Tomasz Ludwicki został oddelegowany przez radę nadzorczą do czasowego pełnienia funkcji prezesa PLL LOT. Michał Fijoł został prokurentem spółki. LOT rozpoczął także postępowanie kwalifikacyjne na stanowiska prezesa oraz członka zarządu ds. finansowo-ekonomicznych.
W piątek (29 listopad) rano
PLL LOT w komunikacie poinformował, że dnia 28 listopada "odbyło się nadzwyczajne walne zgromadzenie Spółki PLL LOT SA, które podjęło decyzję o odwołaniu dwóch członków zarządu oraz
dwóch członków rady nadzorczej". Miejsce w zarządzie stracili Jerzy Kurella i Piotr Karnkowski, których powołano w połowie listopada tego roku. Tego samego dnia
ze stanowiskiem pożegnał się Jacek Bartmiński, którego odwołano z funkcji wiceministra w Ministerstwie Aktywów Państwowych (MAP).
Okazało się jasne, że wkrótce dojdzie do zmian w samym zarządzie LOT. Ostatecznie zdecydowano się więc nie na uznawanie wcześniejszych decyzji za niezgodne z przepisami, ale doprowadzenie do sytuacji, w której o nowych zarządzie zdecyduje procedura konkursowa
LOT: Ludwicki p.o. prezesa, Fijoł prokurentem!

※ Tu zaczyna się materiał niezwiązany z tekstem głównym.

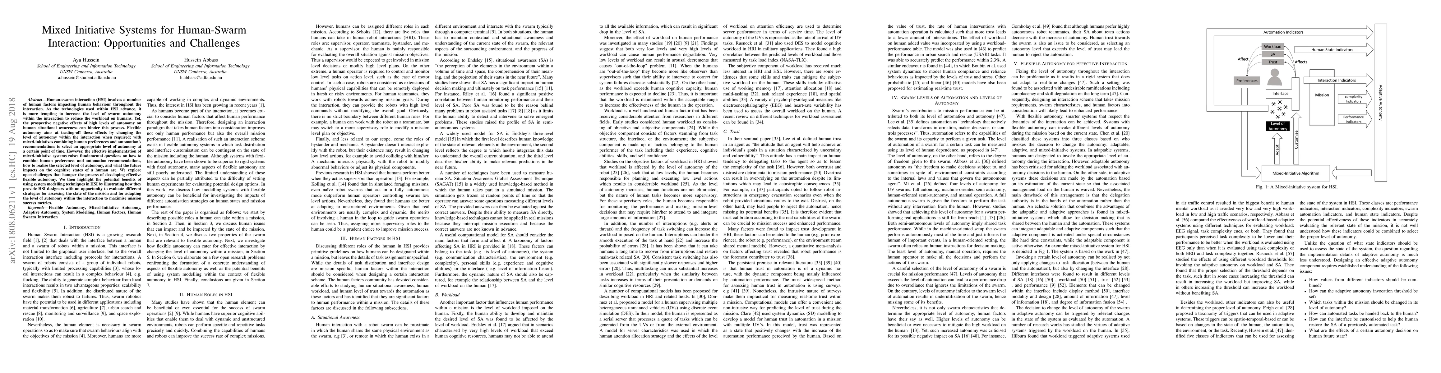 This paper examines the opportunities and challenges of mixed initiative systems in human-swarm interaction (HSI), focusing on the balance between human control and swarm autonomy. It highlights the difficulties in effectively integrating human preferences with automation recommendations and discusses the potential benefits of system modelling techniques to optimize mission success.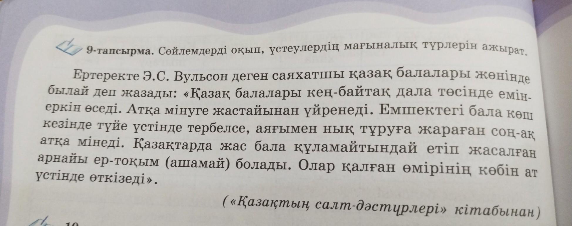 9-тапсырма. Сөйлемдерді оқып, үстеулердің мағыналық түрлерін ажырат. Ертеректе Э.С. Вульсон деген саяхатшы қазақ балалары жөнінде былай деп жазады: «Қазақ балалары кең-байтақ дала төсінде емін- еркін өседі. Атқа мінуге жастайынан үйренеді. Емшектегі бала көш кезінде түйе үстінде тербелсе, аяғымен нық тұруға жараған соң-ақ атқа мінеді. Қазақтарда жас бала құламайтындай етіп жасалған арнайы ер-тоқым (ашамай) болады. Олар қалған өмірінің көбін ат үстінде өткізеді». nima.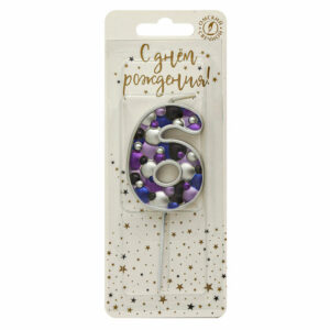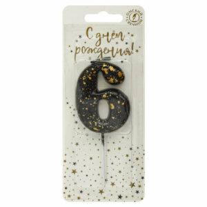 5636 Свеча тортовая цифра «6» черные брызги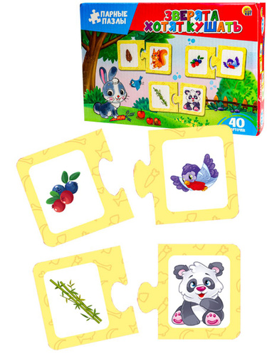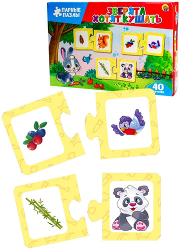 Парные пазлы "Зверята хотят кушать", развивающая настольная игра-головоломка, паззлы для малышей, складные картинки-половинки с животными, найди пару, 40 карточек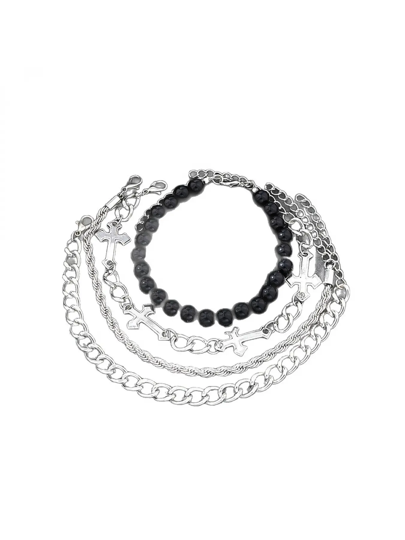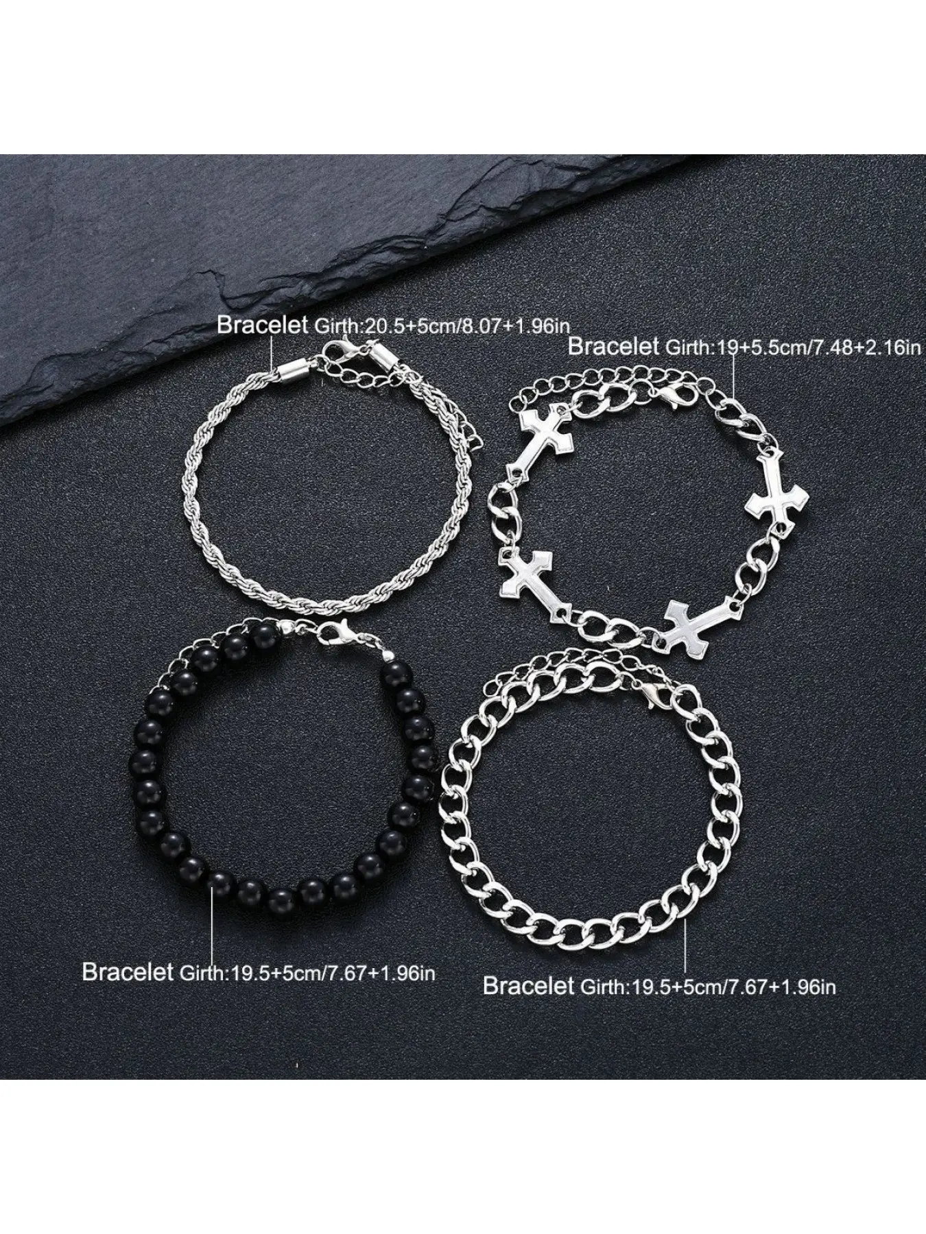 Stylish Dark Series Cross Charm Bead Bracelets 4 Packs Minimalist Layering Bracelet Set Premium Stainless Steel Unisex Holiday Gift Idea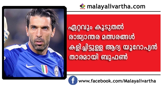 ഇനി ആ റെക്കോര്ഡും ബുഫണിന് സ്വന്തം. ഇന്നലെ സ്പെയിനിനെതിരെ നടന്ന ലോകകപ്പ് യോഗ്യതാ മത്സരത്തില് കളിച്ചതോടെ 170 രാജ്യാന്തര മത്സരങ്ങള് കളിച്ചിട്ടുള്ള ആദ്യ യൂറോപ്യന് താരമായി ഇറ്റാലിയന് ഗോള് കീപ്പര് ബുഫണ് മാറി. മത്സരത്തില് ഇറ്റലി ദയനീയമായി പരാജയം ഏറ്റവാങ്ങി എങ്കിലും ബുഫണ് ഈ നാഴികക്കല്ല് കടന്നു.കൂടുതല് മത്സരം കളിച്ചവരുടെ എണ്ണത്തില് അഞ്ചാമതാണ് ബുഫണ് ഇപ്പോള് ഉള്ളത്. സൗദി അറേബ്യയുടെ മുഹമ്മദ് അല് ദിയ(172), മെക്സിക്കോയുടെ ക്ലാഡിയോ സുവാരസ്(177), ഈജിപ്തിന്റെ ഹസം ഹുസൈന്(178), ഈജിപ്തിന്റെ തന്നെ അഹമ്മദ് ഹസന്(184) എന്നിവരാണ് ബുഫണിനു മുന്നേ ഉള്ളത്.
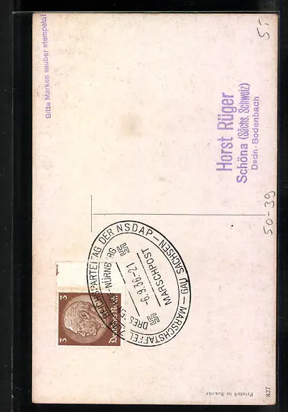 Personenbezogene Daten auf der Rückseite der Karte wurden durch blauen Textmarker unkenntlich gemacht. Die blauen Stellen sind auf die Vorderseite durchgeweicht und wirken sich negativ auf das Postkartenfoto aus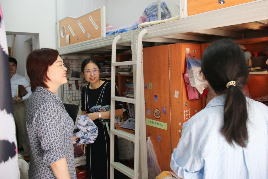 为切实了解学生的住宿情况,提升宿舍管理水平,保障学生安全和舒适的生活环境,2024年9月3日,护理学院党委书记蒋小剑、党委副书记李宗霖、学生管理科科长刘莉、团委书记薛金凤、学生管理科邹灵玥前往学生宿舍进行实地走访。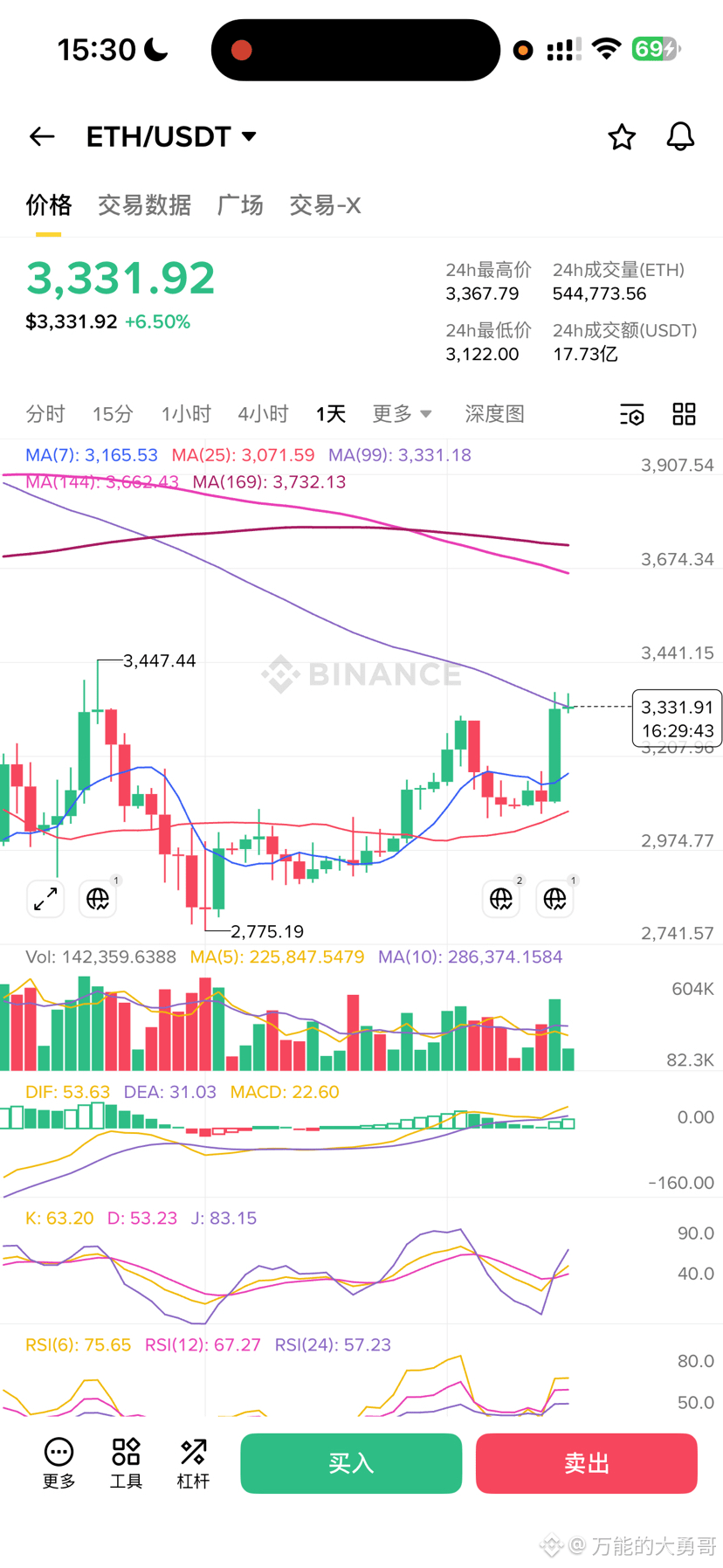 我看了一下私信,满屏都是在问:“大勇哥,以太坊(ETH)冲到3330了,现在进场还来得及吗?会不会踏空啊?”

„Rada Nadzorcza PLL LOT w dniu 02.12.2024 r. delegowała Członka Rady Nadzorczej dr.
Tomasza Ludwickiego do czasowego wykonywania czynności Prezesa Zarządu PLL LOT na okres nie dłuższy niż 3 miesiące. Równocześnie Zarząd postanowił
o ustanowieniu Michała Fijoła prokurentem Spółki” – poinformowało w poniedziałek (2 grudnia) wieczorem biuro prasowe PLL LOT.
Dr Ludwicki jest Dyrektorem i wykładowcą Programu Executive MBA na Uniwersytecie Warszawskim, a także Wydziału Zarządzania Uniwersytetu Warszawskiego oraz asesorem w Association of MBAs. Realizował projekty doradcze dla wiodących firm polskich i korporacji międzynarodowych poświęcone formułowaniu i wdrażaniu strategii, projektowaniu procesów i struktur organizacyjnych.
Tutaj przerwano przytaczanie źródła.